Be closest to the user and make the best AI Agent.

Authors: shiyun, Zhang Yongyi

AI Agent’s “GPT moment”, Manus awakened the entire AI circle插图

The saying that 2025 is the first year of AI Agents was fulfilled in the early morning of March 6, Beijing time.

“After DeepSeek, another sleepless night in the technology circle.”

Many users commented this on social media.

Everyone stayed up all night, using the invitation code only for one of the products, which was the world’s first AI Agent product “Manus” developed by Monica.im

According to the team,”Manus” is a truly autonomous AI agent that can solve various complex and changeable tasks. Unlike traditional AI assistants, Manus can not only provide suggestions or answers, but also directly deliver complete task results.

AI Agent’s “GPT moment”, Manus awakened the entire AI circle插图1

Manus’s introduction video is only 4 minutes long, but it is amazing

Photo source: Monica.im

As the name “Manus” implies, it symbolizes “hand” in Latin.
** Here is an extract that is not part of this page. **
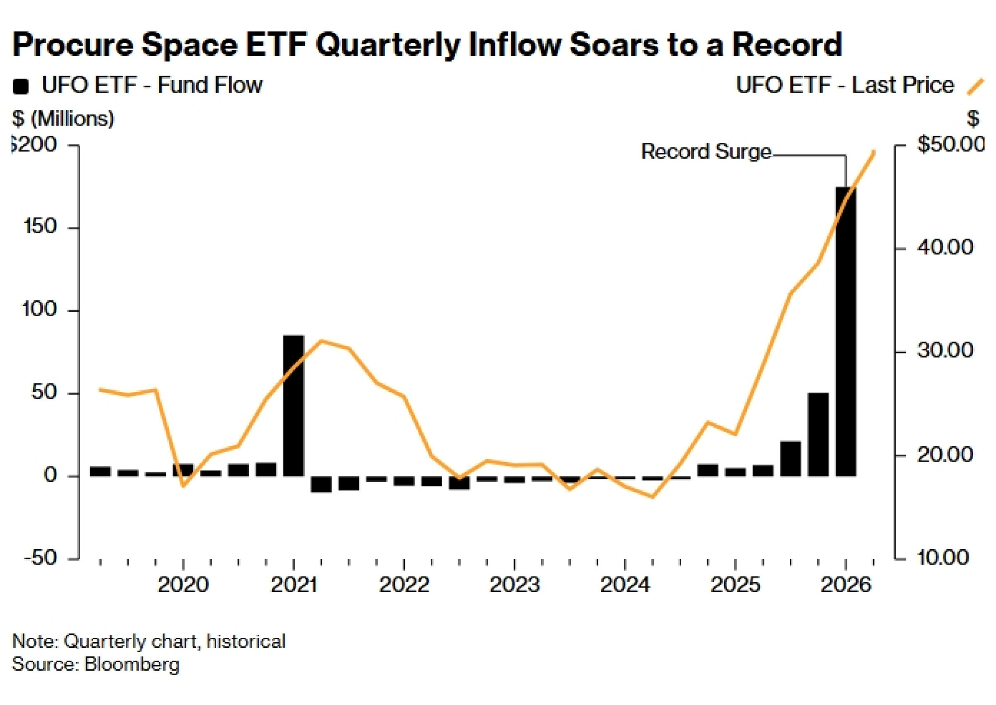 Procure Space ETF (ticker: UFO), fond s tržišnom vrijednošću od oko 415 milijuna dolara, privukao je gotovo 175 milijuna dolara u prvom kvartalu godine, što su najveći priljevi od njegova osnutka 2019. godine, prema podacima koje je prikupio Bloomberg.

In other words, knowledge must not only be in the mind, but also be able to be executed with hands. This is the essential advancement of Agent and AI Bot products.

Where is the Manus cow? The most intuitive thing is to look at the use cases displayed on the official website and the spontaneous display of users. The Geek Park section is organized as follows:

Travel planning: Not only does it integrate travel information, it also creates customized travel manuals for users. For example, users plan their April trip to Japan and provide personalized travel advice and detailed manuals.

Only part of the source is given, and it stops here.